Re: Pundit and Open Annotation

Hi Simone,


>>>> It's actually easier than that... the specifications of fragments for
>>>> HTML and XHTML don't allow XPointers.
>
>> I don't think it should be a subclass of FragmentSelector as any
>> system that tried to treat it as a FragmentSelector would end up doing
>> the wrong thing.  Agreed that the structure fits well, so maybe just
>> duplicating it is the right way forwards?
>
> Originally i wanted to ask why the spec says that xpointers are not
> able to describe/catch arbitrary part of an HTML document, since, as
> far as i know, they are actually able to. I agree that xpointers are
> not the official fragments semantic for HTML documents, so we will
> avoid using them directly into browsers.

Assuming you mean section 2.1.4, it talks about fragments for HTML
rather than xpointers. The reason being, of course, that you can't use
an xpointer as a fragment for HTML.  If we do say somewhere that
xpointers can't do that, we should change it :)

> The discussion evolved to "how can we use xpointers and be
> spec-compliant", and on this topic i have another question: can't we
> use the xpointer spec for the fragment part and specify an explicit
> dcterms:conformsTo? Isnt this mechanism supposed to fill exactly this
> use case (read: tell the consumer how to interpret the fragment
> semantic)?

No, because FragmentSelector says that you can join the hasSource and
the selector's rdf:value to form a valid fragment URI, and you can't
do that with an xpointer.

> At least, reading the spec i thought this was conformsTo's goal!
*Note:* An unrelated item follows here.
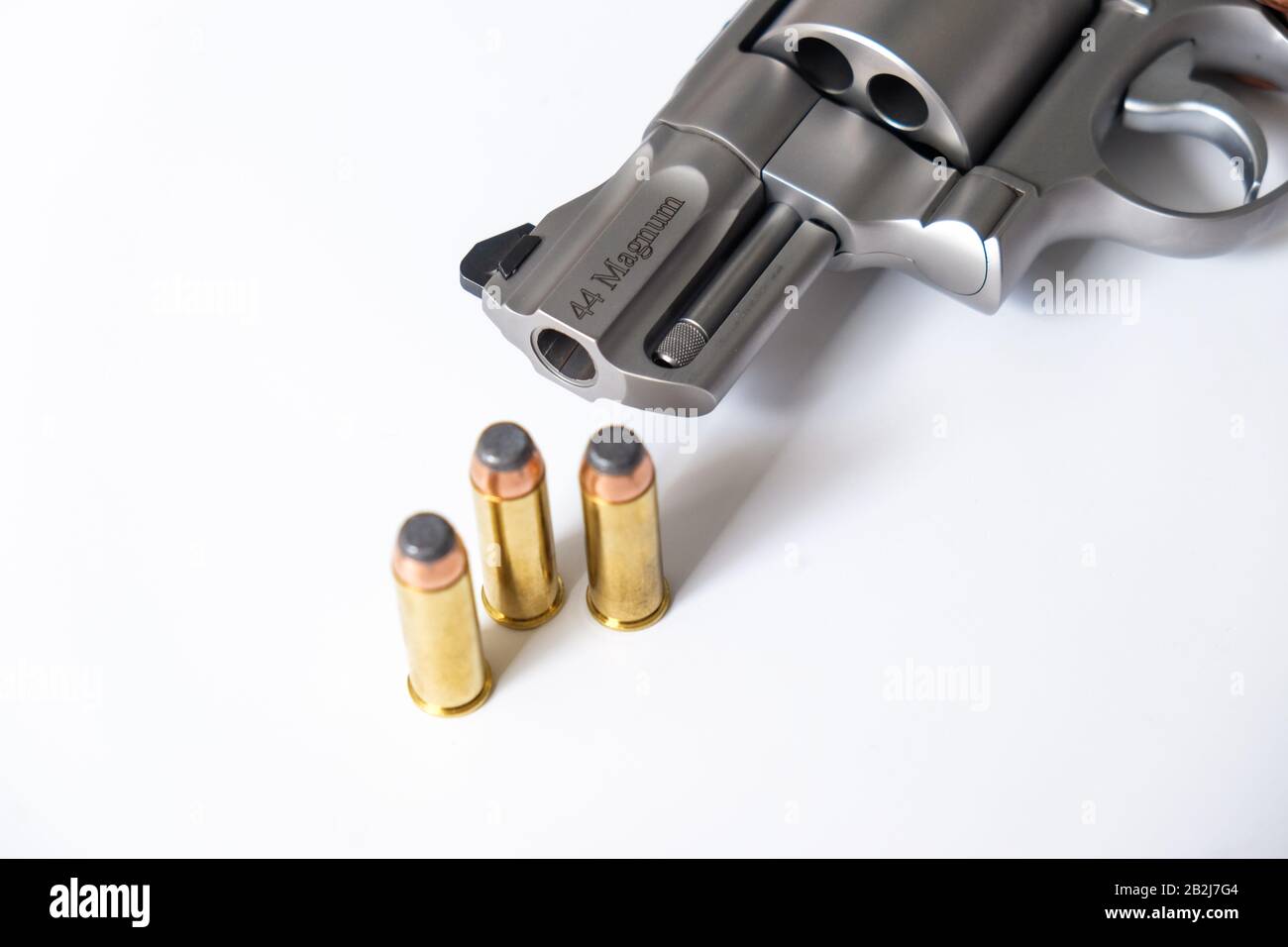 44 Magnum Revolver Gun With Bullet On White Background Crime Concept Stock Photo Alamy

The goal for including conformsTo is to distinguish between:
    http://example.org/index.html#xywh=1,1,2,2   // html spec
and
    http://example.org/image.jpg#xywh=1,1,2,2    // media fragment spec

Jeni Tenison's analysis of fragments for SVG is particularly telling
(and worrying):
    http://www.w3.org/TR/fragid-best-practices/#analysis


>> We could solve this issue with a slight wording change in the
>> specification to clarify what the SVG viewport means in SvgSelector.
>>
>> If the viewport is "0 0 100 100" which should be scaled to the size of
>> the target image (with potentially different ratios for height and
>> width), then the coordinates in the SVG are essentially percentages.
>
> This is a clever solution!! Will have to dig into SVG a bit more, but
> sounds like it covers perfectly my original needs.

All, are there any objections to a clarification along these lines?  I
don't think it changes the meaning of viewport, it just clarifies that
if the dimensions of the SVG are not the same as the dimensions of the
image, that scaling should be performed.